= Complexity function =

Function that counts distinct factors of a string

In computer science, the complexity function of a word or string (a finite or infinite sequence of symbols from some alphabet) is the function that counts the number of distinct factors (substrings of consecutive symbols) of that string. More generally, the complexity function of a formal language (a set of finite strings) counts the number of distinct words of given length.

==Complexity function of a word==
Let u be a (possibly infinite) sequence of symbols from an alphabet. Define the function
p_{u}(n) of a positive integer n to be the number of different factors (consecutive substrings) of length n from the string u.

For a string u of length at least n over an alphabet of size k we clearly have
$1 \le p_u(n) \le k^n \ ,$
the bounds being achieved by the constant word and a disjunctive word, for example, the Champernowne word respectively. For infinite words u, we have p_{u}(n) bounded if u is ultimately periodic (a finite, possibly empty, sequence followed by a finite cycle). Conversely, if p_{u}(n) ≤ n for some n, then u is ultimately periodic.

An aperiodic sequence is one which is not ultimately periodic. An aperiodic sequence has strictly increasing complexity function (this is the Morse–Hedlund theorem), so p(n) is at least n+1.

A set S of finite binary words is balanced if for each n the subset S_{n} of words of length n has the property that the Hamming weight of the words in S_{n} takes at most two distinct values. A balanced sequence is one for which the set of factors is balanced. A balanced sequence has complexity function at most n+1.

A Sturmian word over a binary alphabet is one with complexity function n + 1. A sequence is Sturmian if and only if it is balanced and aperiodic. An example is the Fibonacci word. More generally, a Sturmian word over an alphabet of size k is one with complexity n+k−1. An Arnoux-Rauzy word over a ternary alphabet has complexity 2n + 1: an example is the Tribonacci word.

For recurrent words, those in which each factor appears infinitely often, the complexity function almost characterises the set of factors: if s is a recurrent word with the same complexity function as t are then s has the same set of factors as t or δt where δ denotes the letter doubling morphism a → aa.

==Complexity function of a language==
Let L be a language over an alphabet and define the function p_{L}(n) of a positive integer n to be the number of different words of length n in L The complexity function of a word is thus the complexity function of the language consisting of the factors of that word.

The complexity function of a language is less constrained than that of a word.

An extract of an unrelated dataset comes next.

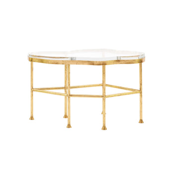 When our designers get their hands on even the most utilitarian of materials, they manage to turn them into something elegant, ethereal, and delicately exquisite. Don't be fooled, though our Cristal Collection is impressively durable. A contemporary interpretation of rustic slab furniture, the Cristal depicts the organic shape of a slice of wood or raw quartz in thick, clear acrylic, shining with subtle facets. The irregular lines of the tabletop are complemented by its sleek and structured iron legs and framing, pulled together in glittering glory with a finish of gold leaf. In minimalist decor schemes, this side table can add a subtle splash of glamour. It can also fit right into a more lavish atmosphere. Pair in sets of two for maximum impact. 29W x 17D x 17H

For example, it may be bounded but not eventually constant: the complexity function of the regular language $a(bb)^*a$ takes values 3 and 4 on odd and even n≥2 respectively. There is an analogue of the Morse–Hedlund theorem: if the complexity of L satisfies p_{L}(n) ≤ n for some n, then p_{L} is bounded and there is a finite language F such that

$L \subseteq \{ x y^k z : x,y,z \in F,\ k \in \mathbb{N} \} \ .$

A polynomial or sparse language is one for which the complexity function p(n) is bounded by a fixed power of n. A regular language which is not polynomial is exponential: there are infinitely many n for which p(n) is greater than k^{n} for some fixed k > 1.

==Related concepts==

The topological entropy of an infinite sequence u is defined by

$H_{\mathrm{top}}(u) = \lim_{n \rightarrow \infty} \frac{\log p_u(n)}{n \log k} \ .$

The limit exists as the logarithm of the complexity function is subadditive. Every real number between 0 and 1 occurs as the topological entropy of some sequence is applicable, which may be taken to be uniformly recurrent or even uniquely ergodic.

For x a real number and b an integer ≥ 2 then the complexity function of x in base b is the complexity function p(x,b,n) of the sequence of digits of x written in base b.
If x is an irrational number then p(x,b,n) ≥ n+1; if x is rational then p(x,b,n) ≤ C for some constant C depending on x and b. It is conjectured that for algebraic irrational x the complexity is b^{n} (which would follow if all such numbers were normal) but all that is known in this case is that p grows faster than any linear function of n.

The abelian complexity function p^{ab}(n) similarly counts the number of occurrences of distinct factors of given length n, where now we identify factors that differ only by a permutation of the positions. Clearly p^{ab}(n) ≤ p(n). The abelian complexity of a Sturmian sequence satisfies p^{ab}(n) = 2.